Section: Research Program

High performance Fast Multipole Method for N-body problems

Participants : Emmanuel Agullo, Olivier Coulaud, Quentin Khan, Cyrille Piacibello, Guillaume Sylvand.

In most scientific computing applications considered nowadays as computational challenges (like biological and material systems, astrophysics or electromagnetism), the introduction of hierarchical methods based on an octree structure has dramatically reduced the amount of computation needed to simulate those systems for a given accuracy. For instance, in the N-body problem arising from these application fields, we must compute all pairwise interactions among N objects (particles, lines, ...) at every timestep. Among these methods, the Fast Multipole Method (FMM) developed for gravitational potentials in astrophysics and for electrostatic (coulombic) potentials in molecular simulations solves this N-body problem for any given precision with O(N) runtime complexity against O(N2) for the direct computation.

The potential field is decomposed in a near field part, directly computed, and a far field part approximated thanks to multipole and local expansions. We introduced a matrix formulation of the FMM that exploits the cache hierarchy on a processor through the Basic Linear Algebra Subprograms (BLAS). Moreover, we developed a parallel adaptive version of the FMM algorithm for heterogeneous particle distributions, which is very efficient on parallel clusters of SMP nodes. Finally on such computers, we developed the first hybrid MPI-thread algorithm, which enables to reach better parallel efficiency and better memory scalability. We plan to work on the following points in HiePACS .
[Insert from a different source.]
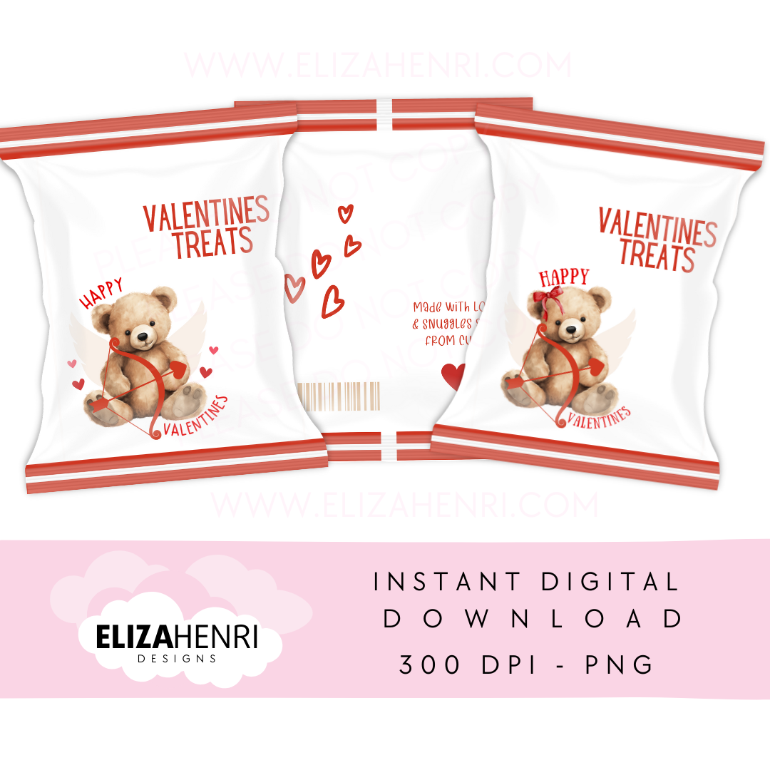 Red Teddy Valentines Treat Pack Design Digital Download- 2 Designs

Improvement of calculation efficiency

Nowadays, the high performance computing community is examining alternative architectures that address the limitations of modern cache-based designs. GPU (Graphics Processing Units) and the Cell processor have thus already been used in astrophysics and in molecular dynamics. The Fast Mutipole Method has also been implemented on GPU . We intend to examine the potential of using these forthcoming processors as a building block for high-end parallel computing in N-body calculations. More precisely, we want to take advantage of our specific underlying BLAS routines to obtain an efficient and easily portable FMM for these new architectures. Algorithmic issues such as dynamic load balancing among heterogeneous cores will also have to be solved in order to gather all the available computation power. This research action will be conduced on close connection with the activity described in Section 3.2.

Non uniform distributions

In many applications arising from material physics or astrophysics, the distribution of the data is highly non uniform and the data can grow between two time steps. As mentioned previously, we have proposed a hybrid MPI-thread algorithm to exploit the data locality within each node. We plan to further improve the load balancing for highly non uniform particle distributions with small computation grain thanks to dynamic load balancing at the thread level and thanks to a load balancing correction over several simulation time steps at the process level.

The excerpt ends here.